### EXERCISE DIRECTIONS
Everything in the records below from the line containing "이용자 인권교육이 2018년" through the line containing "根據(jù)當(dāng)前" is to be reproduced exactly, those two lines included; no picture is to be copied.

### THE RECORDS

● ● ●

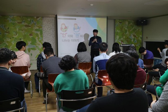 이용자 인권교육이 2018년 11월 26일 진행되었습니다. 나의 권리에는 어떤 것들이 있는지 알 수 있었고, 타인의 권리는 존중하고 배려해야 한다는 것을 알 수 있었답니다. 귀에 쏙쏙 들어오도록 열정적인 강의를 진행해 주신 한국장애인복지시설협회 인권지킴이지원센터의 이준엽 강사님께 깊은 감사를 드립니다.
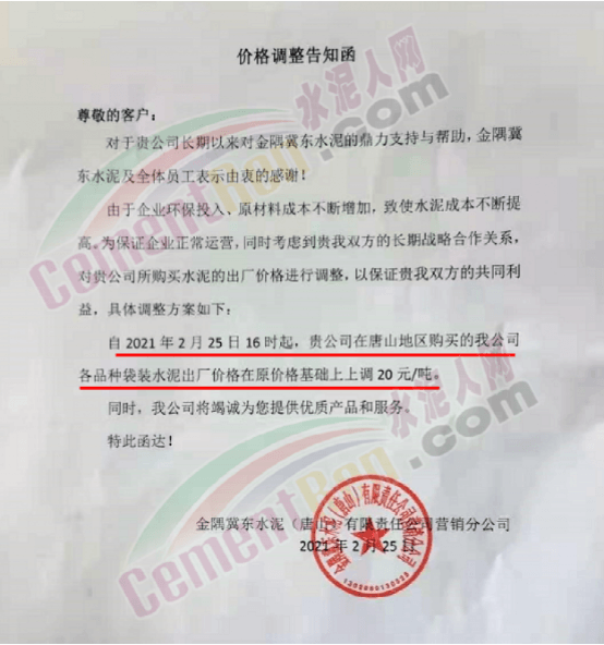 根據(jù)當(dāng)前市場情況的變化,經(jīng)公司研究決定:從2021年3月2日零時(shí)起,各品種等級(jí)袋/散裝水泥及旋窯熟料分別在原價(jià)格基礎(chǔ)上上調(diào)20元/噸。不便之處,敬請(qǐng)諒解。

● ● ●

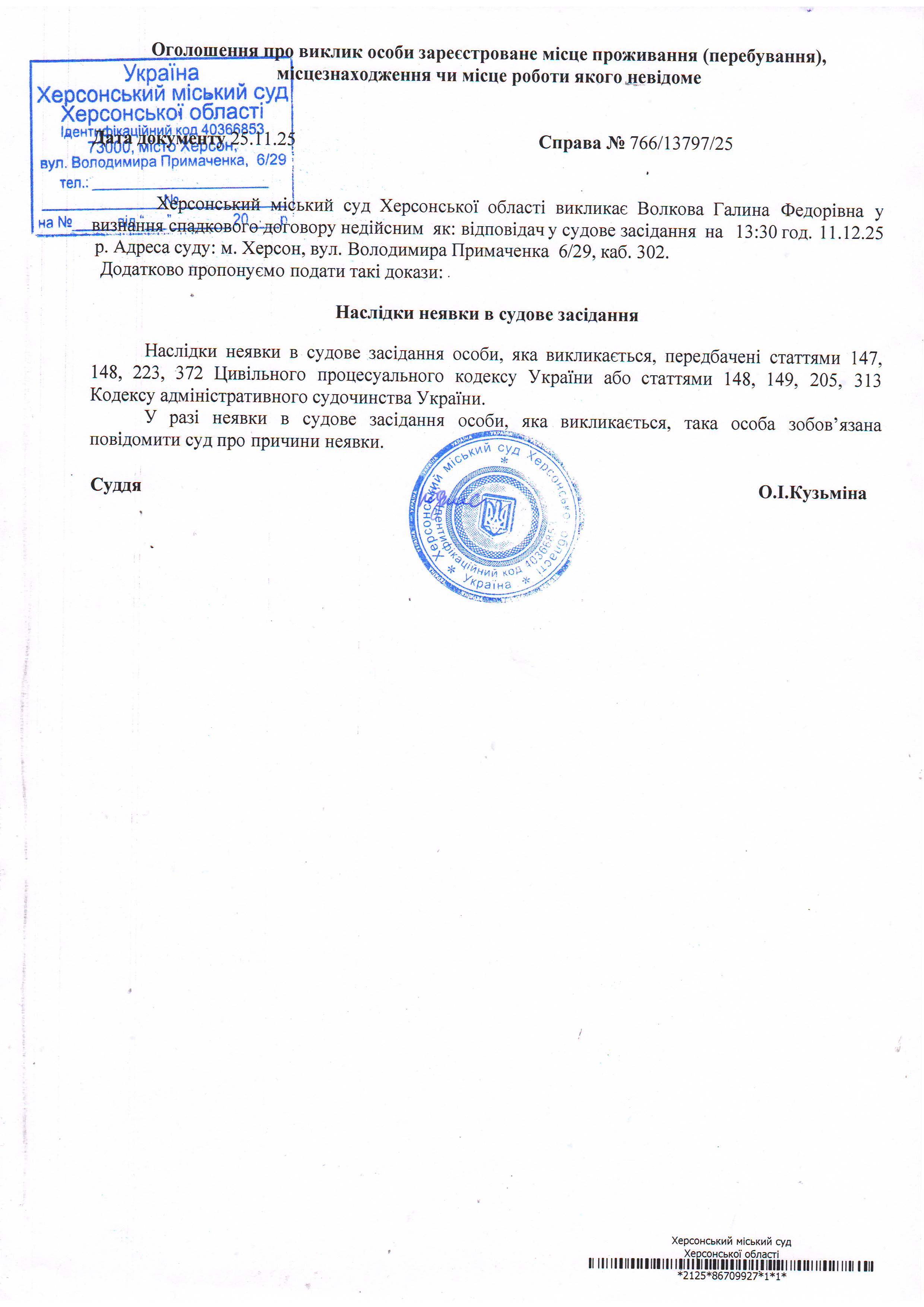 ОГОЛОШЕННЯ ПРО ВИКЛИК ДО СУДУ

● ● ●

### SOLUTION TO THIS TASK
 이용자 인권교육이 2018년 11월 26일 진행되었습니다. 나의 권리에는 어떤 것들이 있는지 알 수 있었고, 타인의 권리는 존중하고 배려해야 한다는 것을 알 수 있었답니다. 귀에 쏙쏙 들어오도록 열정적인 강의를 진행해 주신 한국장애인복지시설협회 인권지킴이지원센터의 이준엽 강사님께 깊은 감사를 드립니다.
 根據(jù)當(dāng)前市場情況的變化,經(jīng)公司研究決定:從2021年3月2日零時(shí)起,各品種等級(jí)袋/散裝水泥及旋窯熟料分別在原價(jià)格基礎(chǔ)上上調(diào)20元/噸。不便之處,敬請(qǐng)諒解。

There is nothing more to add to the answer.